当前位置:网站首页>Nodejs crawler captures ancient books and records, a total of 16000 pages, experience summary and project sharing
Nodejs crawler captures ancient books and records, a total of 16000 pages, experience summary and project sharing
2020-11-06 01:17:00 【:::::::】
Preface
Data from previous studies , The crawler that wrote a little bit of data crawling , But the writing is more casual . There are a lot of things that don't seem very reasonable right now It's a bit of a free time , I wanted to refactor the previous project . later Take advantage of this weekend , I just wrote a new project , This is the project guwen-spider.

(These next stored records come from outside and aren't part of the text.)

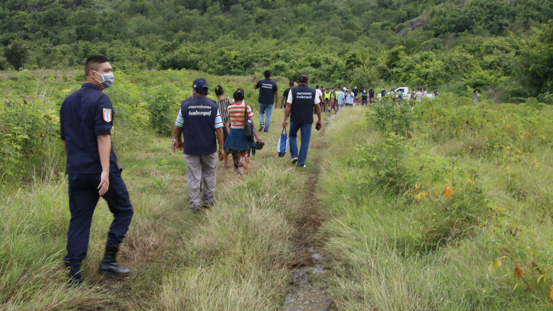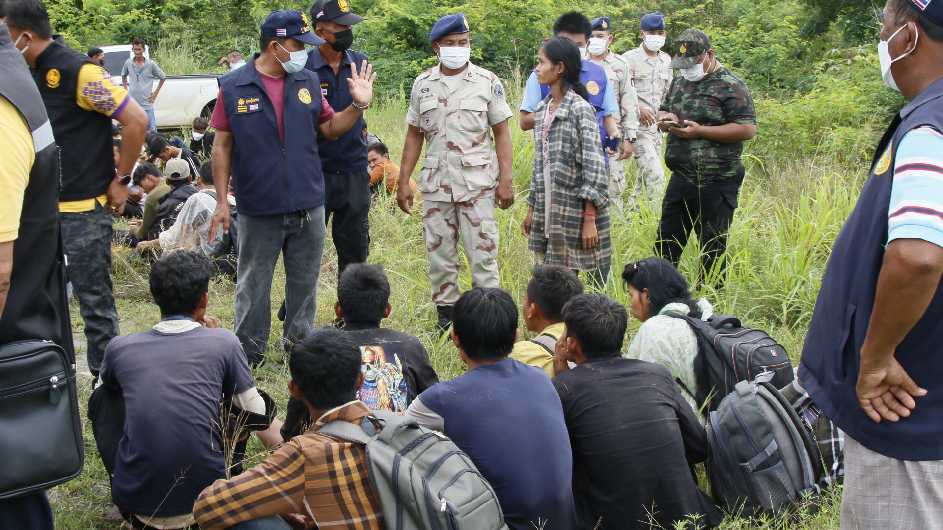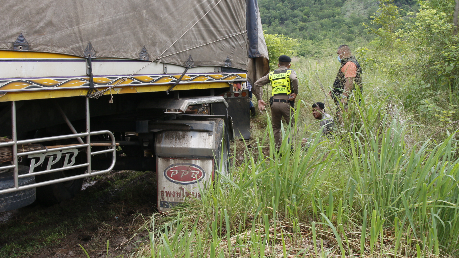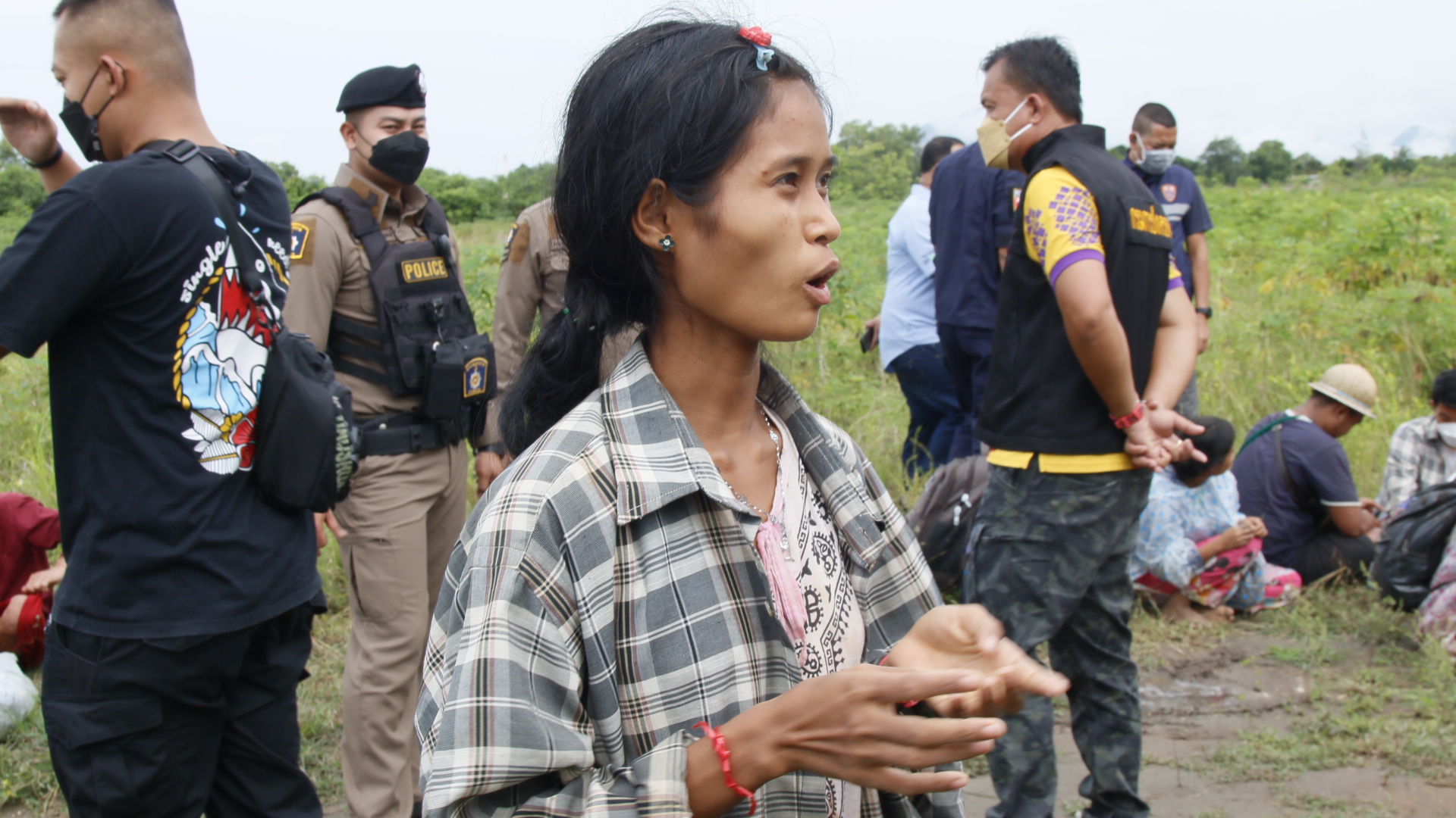ขณะที่เจ้าหน้าที่ตำรวจทางหลวง 2 นาย กำลังนำตัวคนขับรถมาสอบ เพื่อรอกำลังมาเสริม บรรดาแรงงานได้ลงจากรถพ่วงหลบหนีไปแอบซ่อนตัวอยู่ในป่าไร่มันสัมปะหลัง เจ้าหน้าที่ ที่ได้เดินทางไปสมทบต้องกระจายกำลังออกค้นหาอยู่นาน เมื่อเจอแรงงานเหล่านั้นเตรียมวิ่งหนี เจ้าหน้าที่ต้องใช้อาวุธปืนยิงขึ้นฟ้าข่มขู่ ก่อนแรงงานทั้งหมดเดินออกมาจากไร่มันสัมปะหลัง มีทั้งหญิง – ชาย และเด็กเล็กบางรายอายุแค่เพียง 5 เดือน รวมอยู่ในกลุ่มแรงงานนี้ด้วย
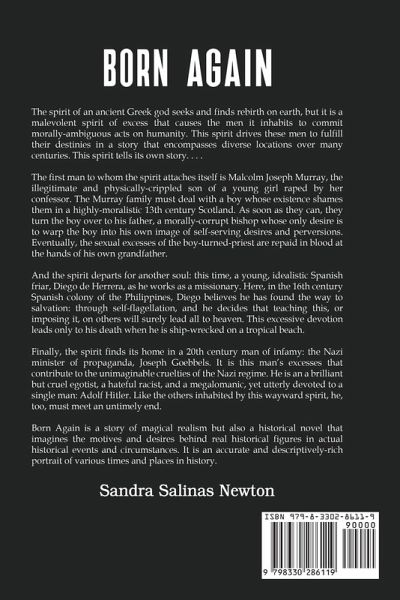 BORN AGAIN, an historical fantasy combining biographical/cultural fact with character-rich fiction. For history buffs, this presents the real world as it evolves from the thirteenth to the twentieth century; for fans of magical realism, this story teases the idea of a selfish, malevolent spirit traveling through time. The novel traces the successive reincarnations of a 13th century Scottish bastard son of an innocent girl and her lecherous bishop. The sins of Malcolm Murray's father are visited upon him in the form of physical deformity, making him shunned by his society. Malcolm, although ordained as a priest, becomes an unrepentant sexual predator devoted to the cult of Dionysus. He believes that after his death, he will, like Dionysus, live again. In fact, he "returns" as Diego De Herrera, an Augustinian friar in the 1870s doing missionary work in the Philippines where he becomes convinced that the only way to convert and save the natives is through stern and even cruel self-inflicted punishment. At his death, he expects the reward of heaven, but is instead reborn as Josef Goebbels in 1930s Germany. It is as Goebbels that, through arcane texts, he comes to consciously realize his rebirths, and he uses this knowledge to justify his own excesses. All three of the characters are historical figures living their experiences in historically accurate places and during true events of their times. For each of them, what they most desire dictates their actions and, ultimately, seals their fates. In addition, each of them bears a physical infirmity which symbolizes/represents their fatal flaw. BORN AGAIN is a tale of how excess, whether good or of bad, has consequences.
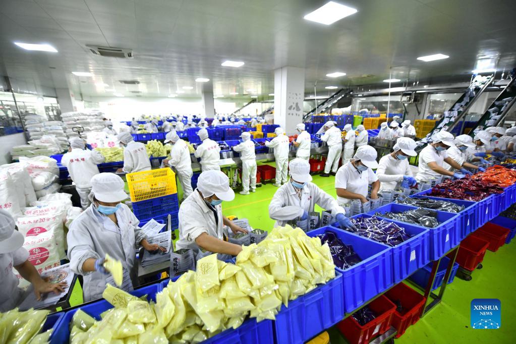 Workers pack Luosifen rice noodles at a food-processing company in Liuzhou, south China's Guangxi Zhuang Autonomous Region, Nov. 1, 2021. Luosifen companies in Liuzhou are working at full capacity to prepare enough stock for the upcoming "Double Eleven" online shopping festival. Liuzhou Luosifen, a soup dish dubbed by some people as "durian of soup" for its strong smell, features rice vermicelli soaked in a spicy broth flavored by river snails and topped with ingredients including pickled bamboo shoots, string beans, peanuts and tofu skin. (Xinhua/Huang Xiaobang)
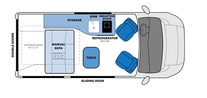 - Manual Fold Down Rear Seat for Bed Configuration (54" X 72")
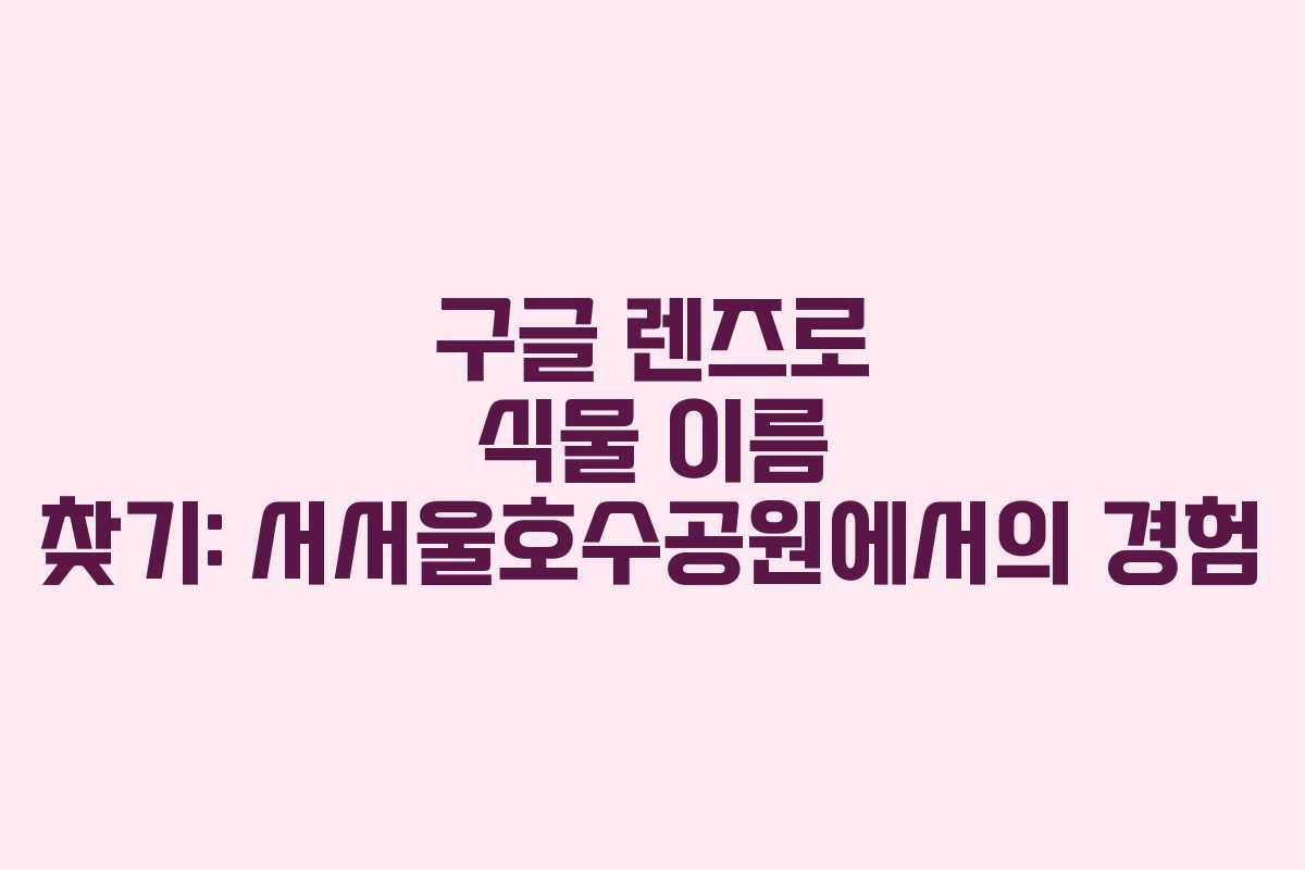 서서울호수공원에서의 산책을 통해 구글 렌즈를 활용하여 식물 이름을 찾는 재미를 느낄 수 있었습니다. 자연 속에서의 발견은 항상 새로운 행복을 가져다주는 것 같습니다.
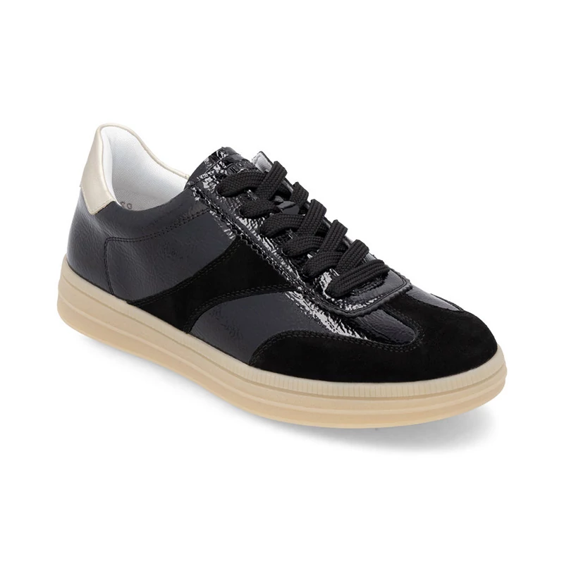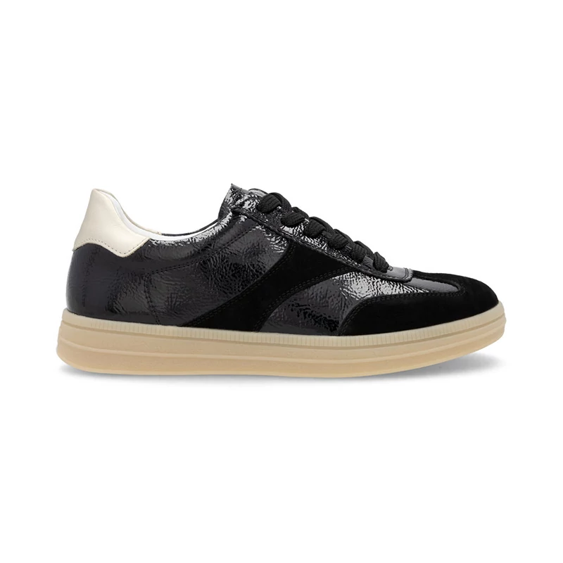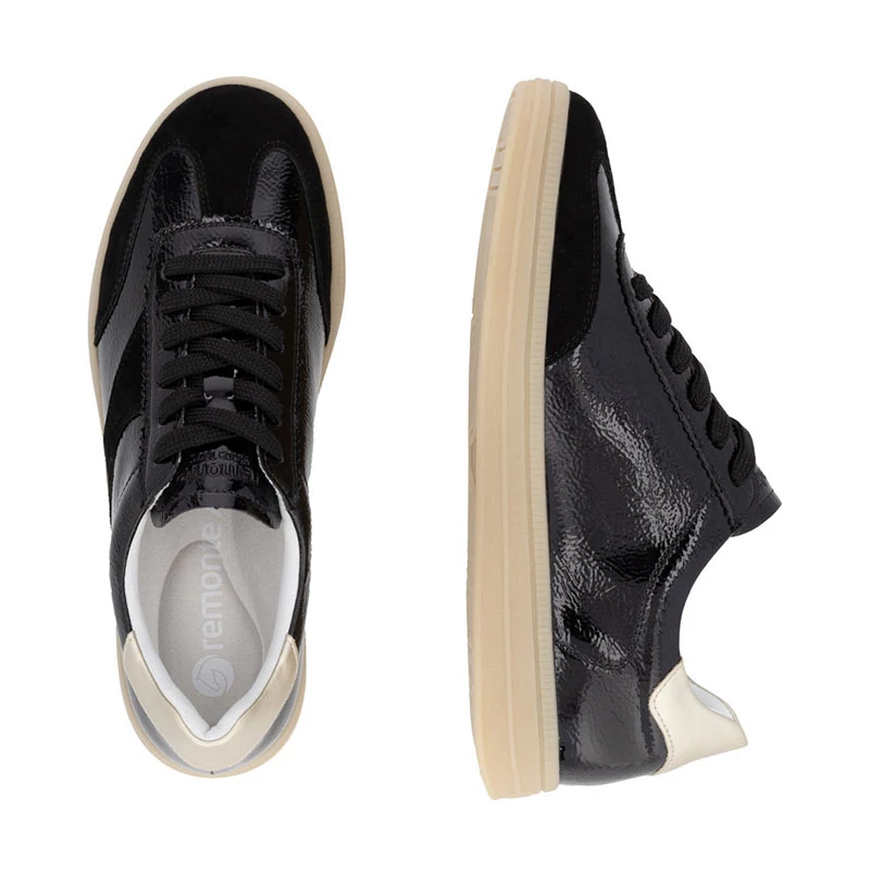 REMONTE cipő - ez a RIEKER márka magasabb vonala, ezt a cipőt a felső anyagok kiváló kombinációja jellemzi. Ezek a tornacipők lenyűgöznek gyönyörű dizájnjukkal, ahol a fekete bőr felsőrész a matt és fényes vonalakat ötvözi a modern megjelenés érdekében, míg a sarok fémes eleme stílusos akcentust kölcsönöz. A fűzés tökéletes illeszkedést tesz lehetővé, míg az öntött puha talpbetét minden lépésnél maximális kényelmet biztosít. A színkontrasztos talp nemcsak vizuális érdeklődést kölcsönöz, hanem stabilitást és kényelmet is biztosít viselése közben. Sebastiano cipő webáruház Női cipő

At present, this crawler is still a relatively simple type , Grab the page directly , Then extract the data from the page , Save data to database . By contrast with what I wrote before , I think the difficulty lies in the robustness of the whole program , And the corresponding fault tolerance mechanism . In the process of writing the code yesterday, it was also reflected , The real body code is actually written quickly , I spent most of my time in Do stability debugging , And find a more reasonable way to deal with the relationship between data and process control .
background
The background of the project is to grab a first level page, which is a list of directories , Click on a directory to go in It's a chapter And a list of space , Click the chapter or section to enter the specific content page .
summary
This project github Address : guwen-spider (PS: At the end of the line, there are colored eggs ~~ flee
Technical details of the project The project uses a lot of ES7 Of async function , More intuitive response to the process of the process . For convenience , In the process of traversing the data, the famous async This library , So it's inevitable to use a callback promise , Because the data processing takes place in the callback function , Inevitably, there will be some data transfer problems , In fact, it can also be used directly ES7 Of async await Write a method to achieve the same function . One of the best things about this is the use of Class Of static Method encapsulates the operation of the database , static seeing the name of a thing one thinks of its function Static methods Just follow prototype equally , It doesn't take up extra space . The project mainly uses
- 1 ES7 Of async await The coroutine does asynchronous logic processing .
- 2 Use npm Of async library To do loop traversal , And concurrent request operations .
- 3 Use log4js To do log processing
- 4 Use cheerio To deal with it dom The operation of .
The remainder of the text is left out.